Дэнис опустил Ширин на пол, сел на диванчик. Тотчас на колени к нему вспрыгнул Гюйс.
— Господи, до чего же ты уродлив, малыш! — говорил Дэнис, почесывая грудку бостонтерьера. — Феноменально уродлив и феноменально симпатичен!..
— Сэр, за сколько дней можно на лодке добраться отсюда до этих островов? — Мервин неотрывно смотрел на картину.
— Это зависит, — Дэнис улыбнулся, — по меньшей мере от трех обстоятельств: какая лодка, какие дни и какой мореплаватель.

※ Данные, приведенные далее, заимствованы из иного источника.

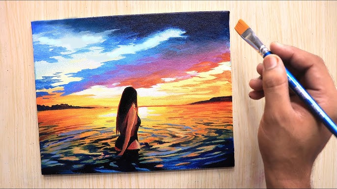 Acrylic Painting Of Beautiful Sunset Landscape Step By Step Youtube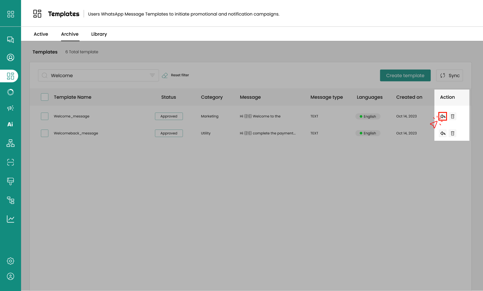 The main purpose of the section is to **store all the pending and rejected templates**, **filtering the active tab for better visibility**. You can also move the unnecessary or rarely used templates to the archive tab.

— Двухвесельная шлюпка, безоблачные дни, выносливый путешественник, — быстро, без запинки ответил Мервин.
— О-о-о, дружище, — воскликнул на этот раз без тени улыбки художник, — я вижу, вас серьезно интересует возможность столь отважного, но и не менее рискованного предприятия!
— А почему бы и нет, сэр? Разве право покорять океанские просторы принадлежит только Туру Хейердалу или сэру Чичестеру?
— Кто это здесь замахивается на лавры неутомимого норвежца и нестареющего британца? — веселый густой бас заполнил комнату — вошел Седрик Томпсон. — Кому мерещатся богатства Дрейка и слава Кука? Тебе, Мервин? Молодец! В пятнадцать лет каждый из нас мечтает найти свою Атлантиду. Увы, далеко не каждому это удается! — Он подошел к Джун, поцеловал ее, уселся на диванчик рядом с Дэнисом. Однако тут же встал, приблизился к картине и с минуту молча ее разглядывал. Потом снова сел.
— Вот видишь, успел выставиться в спальне твоей дочери! — улыбаясь, сказал Дэнис.
— Ну и что же, нравится публике? — насмешливо спросил Седрик.
— Не понимаю, почему ты смеешься, папочка? Картина, по-моему, замечательная!
— Я согласен с Джун, — сказал Мервин.
— Вполне разделяю вашу оценку, друзья! — согласился Седрик и усмехнулся. Недели три назад они с Дэнисом чуть не рассорились из-за этого полотна. Седрик настойчиво и почти сердито доказывал, что девушка не должна улыбаться. Это так диссонирует со всем настроением картины! И потом, кирпично-лиловые горы — они же убивают первозданность пейзажа. И вот перед ним то же полотно. Тот же океан, и берег, и джунгли. И девушка улыбается по-прежнему. Но — горы! Из бездыханных лиловых громад они превратились в живых оранжевых гигантов. И словно ожила, засветилась радостью внезапно обретенной гармонии вся картина. И девушка уже не казалась на ней лишней, она органично вписывалась в пейзаж.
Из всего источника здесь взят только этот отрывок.